Updated October 2, 2017
The bridge is the place on the ship where the captain and his crew manage the direction and speed of the ship, as well as other functions of the vessel. The nautical term originated from the narrow, raised platform "bridging" the two sides of a large vessel that allowed a captain access to both sides while commanding the crew.
Modern cruise ships normally have a glass-enclosed bridge on an upper deck near the front of the ship giving the captain and crew a clear view forward. Enclosed or open-air wing-like extensions perch out over both sides, extending the crew's ability to see toward the rear of the ship and even downward to the water through windows in the floor of those "wings."
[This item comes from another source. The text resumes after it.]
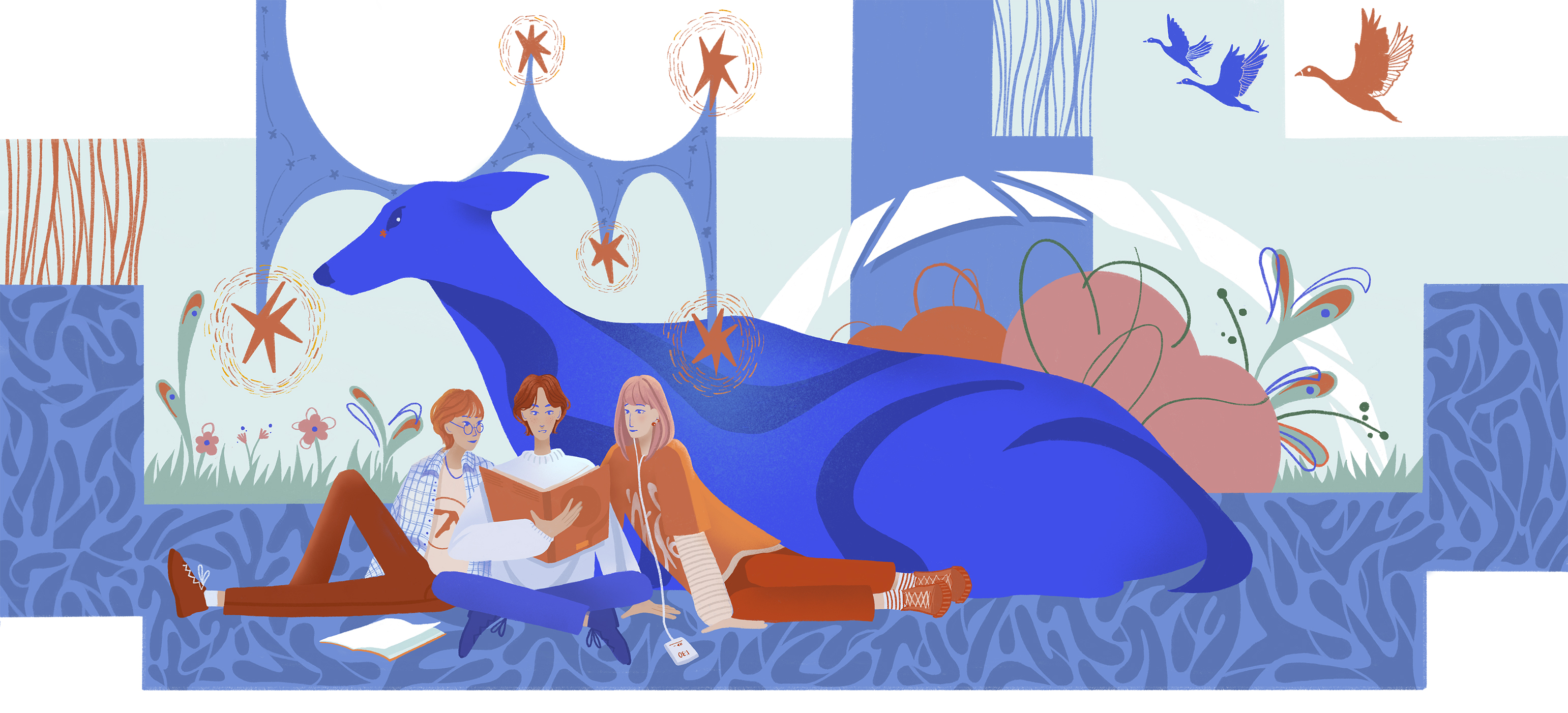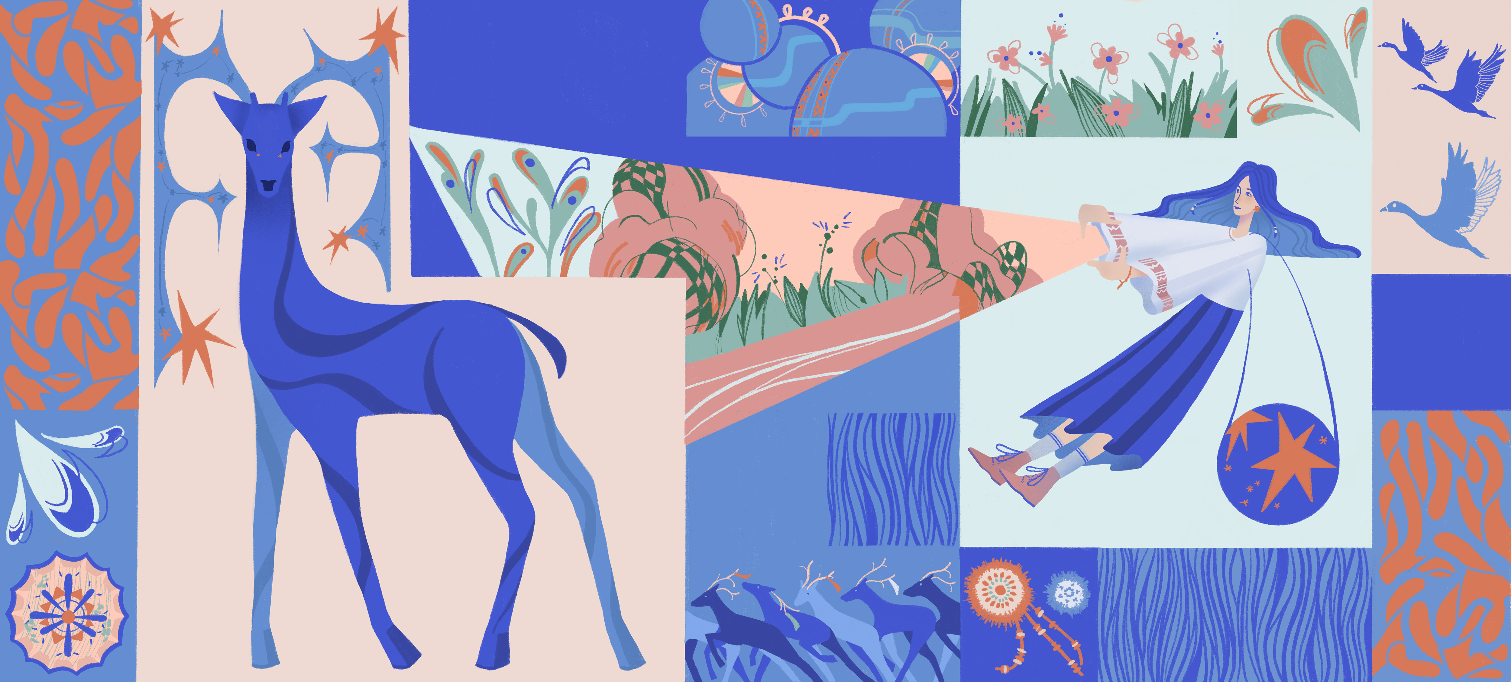 Графика черпает вдохновение из разнообразия специальностей, которым обучаются студенты колледжа, а также использует элементы местной культуры и природы. Модульность графики делает её легко адаптируемой под различные пространства

On the bridge, the crew will have paper nautical charts as well as computer equipment that controls and reports on the ship's mechanical, electronic and communication systems; its global position; and its route to the next destination. Steering capability is duplicated in several places, both mechanically and electronically, including in the wing extensions where the captain controls the vessel during docking, often with the aid of a pilot brought onboard from the port.
Most cruise ship bridges are off limits to passengers, though some lines do offer bridge tours or visits as part of behind-the-scenes ship tours. Some cruise lines with smaller ships (such as Windstar and Star Clippers) have an open bridge policy, allowing passengers to stop by the bridge and chat with the officers whenever they like -- except during more intense maneuvering such as docking and during bad weather.